Casa con mala sombra

Callejón del Chorro. Foto: Archivo
¿Casualidad o mala sombra? Los dos propietarios principales de la casa situada en San Ignacio y Callejón del Chorro, en una de las esquinas de la Plaza de la Catedral, murieron, en diferentes épocas, en la cárcel.
Se trata de una hermosa mansión sin portales. No puede compararse con la mansión del Marqués de Aguas Claras –actual restaurante El Patio- y mucho menos con la del Marqués de Arcos, que no solo es, al decir de Joaquín Weis, el inmueble más interesante de los que rodean la Plaza de la Catedral, sino el tipo más perfecto de casa colonial que nos queda, como aseguraba el arquitecto Bay Sevilla.

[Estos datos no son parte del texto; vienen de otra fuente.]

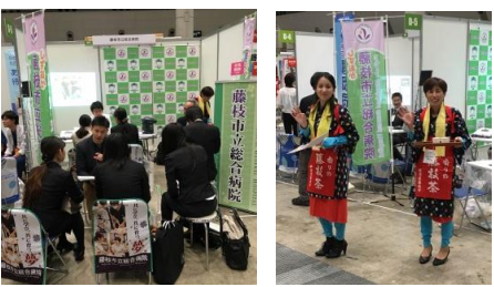
昨年度レジナビフェアの様子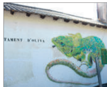
El mural, amb el fardatxo.

La cita va servir també per a descobrir un mural que vol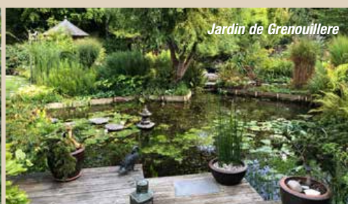
Jardin de Grenouillere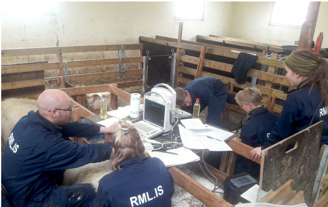
Um þessar mundir fara fram hin árlegu samræminganámskeið fyrir sauðfjárdómara. Eitt af áhersluatriðunum á námskeiðunum er að fylgja eftir uppfærslu á dómstiganum.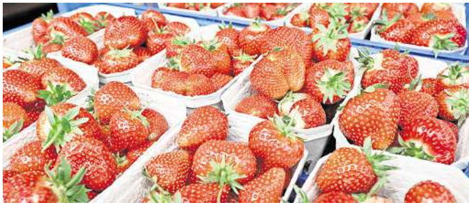
Erdbeeren auf einem Wochenmarkt: Der Ökolandbau in Niedersachsen wächst weiter.

Wir würden gerne von Ihnen wissen: Wie oft kaufen Sie Bioprodukte ein? Nehmen Sie an unserer Umfrage teil und gewinnen Sie einen 50-Euro-Gutschein von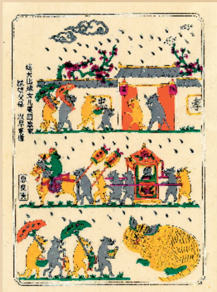
陆显中 雨水·老鼠娶亲 年画 59x39cm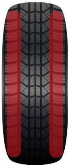
Schulterverschleiß: Durch falscher Achseinstellung oder zu niedrigen Reifendruck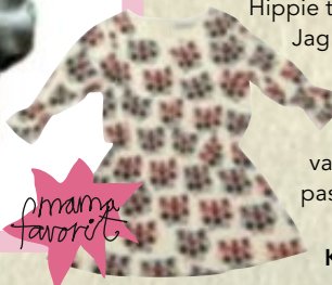
Klänning, stl 9 mån- 8 år, 260 kr.

Jag har många kunder på det södra halvklotet, och de har sommar under tiden vi har vinter, så jag ville tänka på dem också. Och varför ska man inte kunna ha pastellfärger under höst och vinter?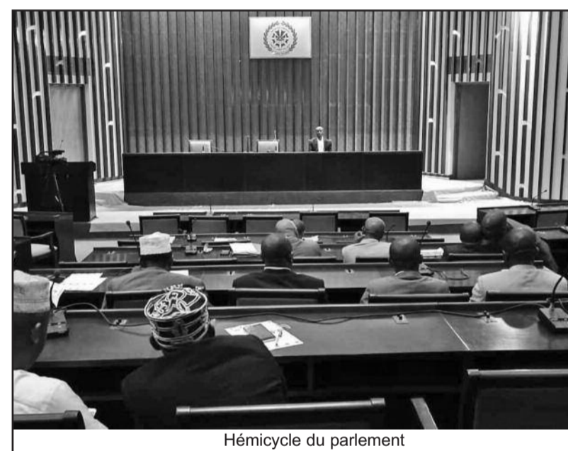
Hémicycle du parlement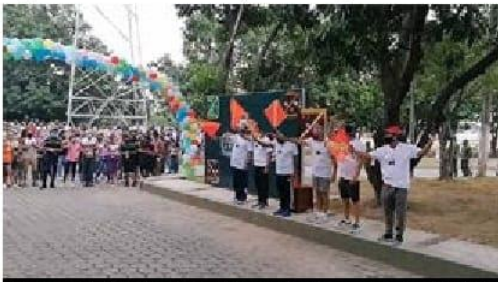
Momentos de dar el banderazo de arranque a la caminata dominical dentro de las instalaciones del 82 Batallón de Infantería de este lugar.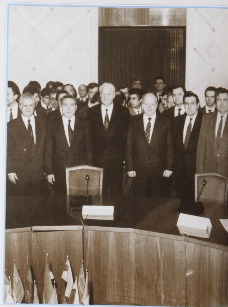
Первый саммит глав государств СНГ в Казахстане. Алматы, декабрь 1991 г.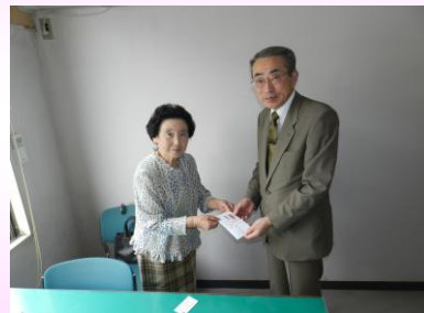
国際ソロブチミスト花巻 様

その他物品として、介護用品等を御寄付いただいた方々に深く感謝申し上げます。また、沢山の古切手・使用済みテレホンカードを御寄付いただいておりますが、ある程度まとまり次第知的ハンディキャップの問題を正しく理解してもらうための啓発活動をしている「誕生日ありがとう運動本部」に送付させていただきます。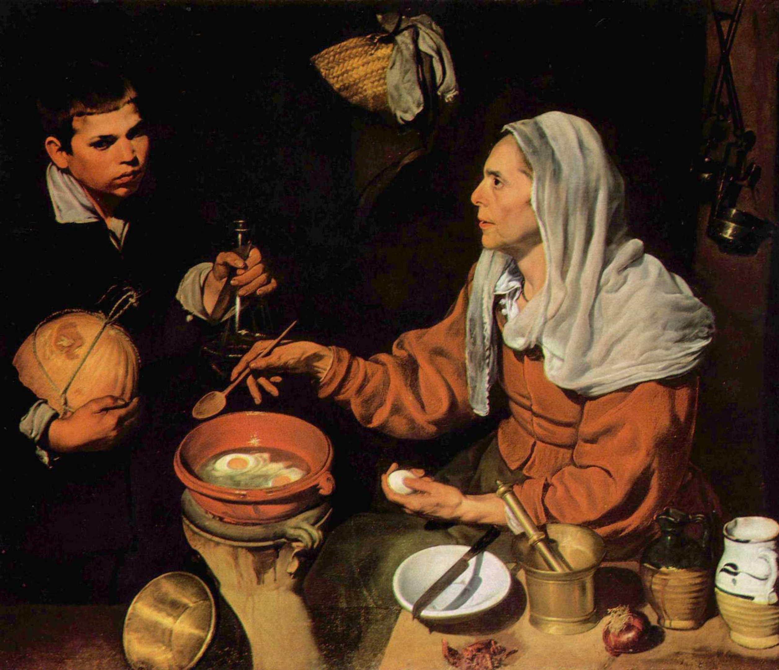
Stara kobieta smaźąca jajka 1618, 99 × 128 cm, National Gallery of Scotland, Edynburg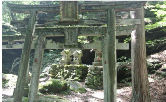
清浄宮門(奥にお宮) (11:50)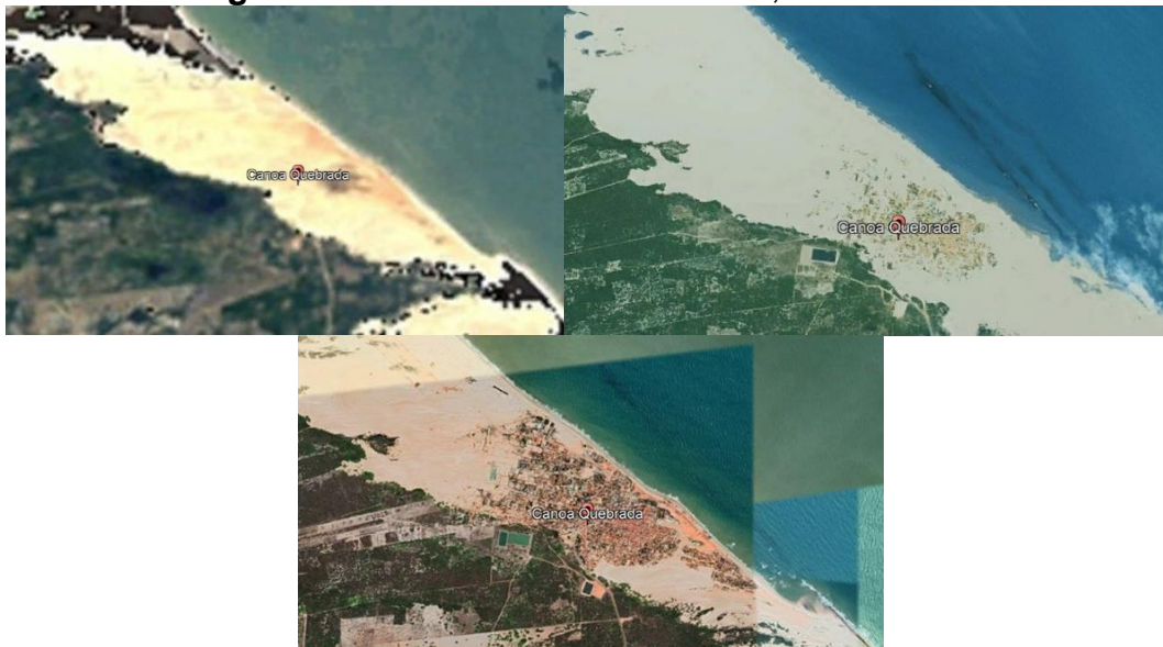
Figura 2: Canoa Quebrada em 1985, 2004 e 2024

Contextualizando as mudanças que ocorreram durante a História de Canoa Quebrada, houve a necessidade de revelar as mudanças estruturais ocorridas na paisagem da cidade. Sendo assim, primeiramente, foi utilizado o software Google Earth Pro, que produz imagens aéreas históricas, que auxiliarão em uma análise paisagística das alterações urbanas ocorrida no espaço.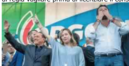
BERLUSCONI MELONI SALVINI

Condizione nella quale si troverà la Campania con il monitoraggio del Venerdì santo, che ne consacrerà il passaggio alla fascia arancione a partire dal 7 aprile. In bilico è il Veneto. Secondo i primi calcoli, il suo Rt a 1,22 è da arancione, ma l'incidenza dei contagi sarebbe a quota 254, che condanna di pochissimo al lockdown. Uno scarto minimo che spetterà oggi agli esperti della cabina tecnica di regia vagliare prima di licenziare il consueto monitoraggio settimanale.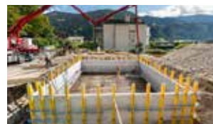
Zimmermann & Co. GmbH

* bei Verarbeitung und Anwendung gemäß DokaBase Anwenderinformation und anwendbaren Normen.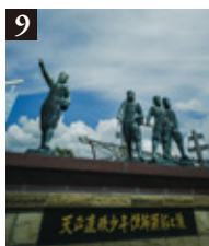
◆天正遣欧少年使節顕彰之像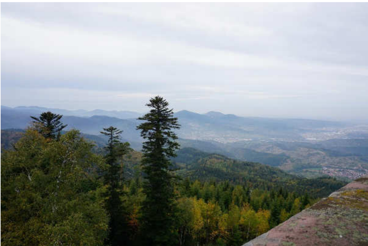
Vom Turm der Teufelsmühle hatten wir einen tollen Blick auf den Schwarzwald.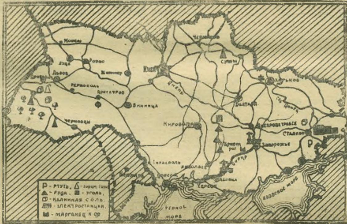
Карта Украинской Советской Социалистической Республики.

На Украине работает около 28 тысяч клубов, дворцов и домов культуры, из них около 9 тысяч колхозных, более 32 тысяч массовых библиотек, 84 музея, 7.390 киноустановок.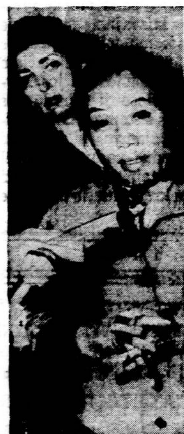
Šiaurės Vietnamo taikos delegacijos Paryžiuje pirmininkė Nguyen Thi Binh.

Lyg maži taikeliai tirpsta Baltos gulbės, baltos žirgų... Tėviškėlės soduos sirtapa Rudėnėlis geltonasis.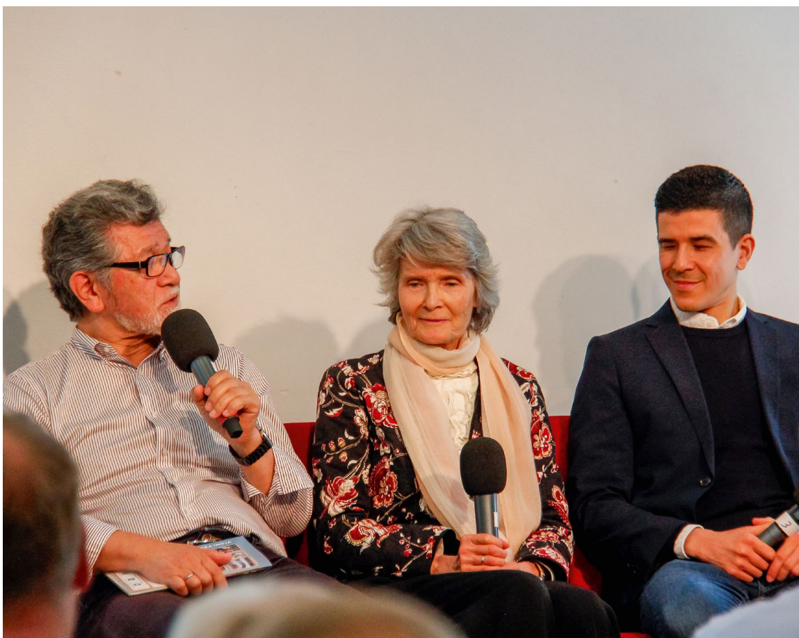
Familien Mori intervjues.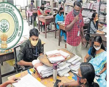
అమరావతిలో తుది పోస్టుల కేటాయింపు ఉత్తర్వులు జారీ చేయనున్నట్లు జీవోలో పేర్కొంది. రాష్ట్ర సచివాలయం, హైద్రాబాద్, డిపార్ట్ మెంట్ (నాణ) కార్యాలయాలు, ఆల్ ఇండియా సర్వీసెస్ అధికారులు, న్యాయశాఖ పోస్టులు, అలాగే పబ్లిక్ సెక్టార్ సంస్థల పోస్టులకు ఈ మార్గదర్శకాలు పంపించిన నిర్ణయం చేసింది. మార్గదర్శకం, పోలవరం జిల్లా లకు తాత్కాలికంగా పోస్టుల కేటాయింపు నకు ప్రభుత్వం అనుమతి ఇచ్చింది. సిబ్బంది కేటాయింపు ప్రక్రియ పూర్తయ్యే వరకు కార్య పోస్టుల సృష్టిపై నిషేధం విధించింది.

అమరావతి, జూలై 6: రాష్ట్ర ప్రభుత్వ ఉద్యోగుల స్థానిక కేంద్రాల ప్రభుత్వం కీలక నిర్ణయం తీసుకుంది. ఉద్యోగుల స్థానిక కేంద్రాలలో పోస్టుల కేటాయింపులకు సంబంధించి మార్గదర్శకాలను విడుదల చేసింది. ఈ మేరకు జీవో ఎంఎన్ నం. 46ను ప్రభుత్వం (సోమవారం) జారీ చేసింది. 2025 రాష్ట్రపతి ఉత్తర్వులకు అనుగుణంగా కేంద్ర బలం నిర్ణయించే విధానాన్ని జీవోలో స్పష్టంగా పేర్కొంది. వర్కంగ్ డ్రాఫ్ట్ పంపిణీకి ప్రత్యేక మార్గదర్శకాలు జారీ చేసింది. రాష్ట్రంలోని 26 జిల్లాలు, 6 జిల్లా, 2 ముఖ్య జిల్లా వారీగా పోస్టుల కేటాయింపు బరగుంది. సేవల అవసరం, పరిపాలనా అవసరాల ఆధారంలో పోస్టుల పంపిణీ జరగాలని ప్రభుత్వం ఆదేశించింది. శాఖల వారీగా పోస్టు అలోకేషన్ రేషియో( రూపొందించి, మండలాల వారీగా అందుబాటులో ఉన్న సేవల డేటాతో నిర్ణయించాలని ఆదేశించింది. అన్ని ప్రభుత్వ శాఖలు ప్రత్యేక ఆన్ లైన్ ప్లాట్ ఫారమ్ ద్వారా తమ ప్రతిపాదనలను సమర్పించాలని ప్రభుత్వం సూచించింది. ఆపై, ఆర్థిక శాఖ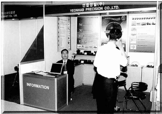
▲연합정밀은 MS-컨넥터, 군용 케이블 및 와이어, EMI 케이블 어셈블리 등을 전시하였다.

▼엠텍은 무인항공기 통신체계, 전파탐지레이더, 군 위성통신체계 등을 전시하여 참관자에게 많은 호응을 얻었다.

No es tan palacial la de la esquina del Callejón del Chorro. La identificamos fácilmente porque en una de sus paredes se colocó la tarja conmemorativa de la construcción de la Zanja Real, que allí desaguaba y que durante muchísimos años surtió de agua a la ciudad.
Pero, ¿cuál fue el destino de sus propietarios?
El primero de ellos fue Antonio Palacián y Gatica, dueño de la casa en 1740. Se desempeñaba como Teniente Gobernador y Auditor de Guerra, cargos que lo acreditaban como segundo al mando de La Habana.
¿Cuál fue su delito? Si uno se pone a ver, ninguno. Pero en unión de Gabriel Beltrán de Santa Cruz tuvo la mala idea de presentar una denuncia contra el gobernador de la Colonia, Francisco Güemes de Horcasitas, Primer Conde de Revillagigedo, que hacia rabiar al patriciado criollo. Por tal motivo, el gobernador interino le abrió un proceso que culminó con la condena del denunciante. Lo recluyeron de por vida en el sombrío castillo-prisión de San Juan de Ulúa, en Veracruz, México.
Once años después de que Palacián fuera enviado a prisión por denunciar al Conde de Revillagigedo, la casa del Callejón del Chorro estaba en poder de Sebastián de Peñalver y Calvo de la Puerta, Regidor, Teniente de Aguacil Mayor, Alcalde de La Habana en diferentes ocasiones y coronel de Milicias. Se destacó muchísimo Peñalver en la defensa de la ciudad contra la agresión británica (1762) pero cuando La Habana quedó de nuevo bajo la soberanía española, fue acusado de colaboracionismo con los ingleses y enviado a la península. Lo condenaron sin que su enorme fortuna y alto prestigio social lograran impedirlo ni paliarle la pena. Fue recluido en el presidio de Ceuta, donde murió poco después.
Alrededor de 1840 se instalaron en esa casa lo baños públicos llamados de la Catedral, primeros en su clase que existieron en La Habana. Para hacerlos, se aprovechó el antiquísimo desagüe de la Zanja. Recuérdese que no es hasta las décadas finales del siglo XIX cuando los principales hoteles y casas de huéspedes empiezan a disponer de lo que se llamaba “el lujo del baño”. En albergues de inferior categoría se daba información a los huéspedes sobre los establecimientos públicos donde podían bañarse al precio de unos 30 centavos.
Triste destino de una casa señorial. Presos sus dos propietarios y sus locales convertidos en baños públicos.


Gracias profesor Ciro, muy interesante de tan azarosas vidas e historia del inmueble.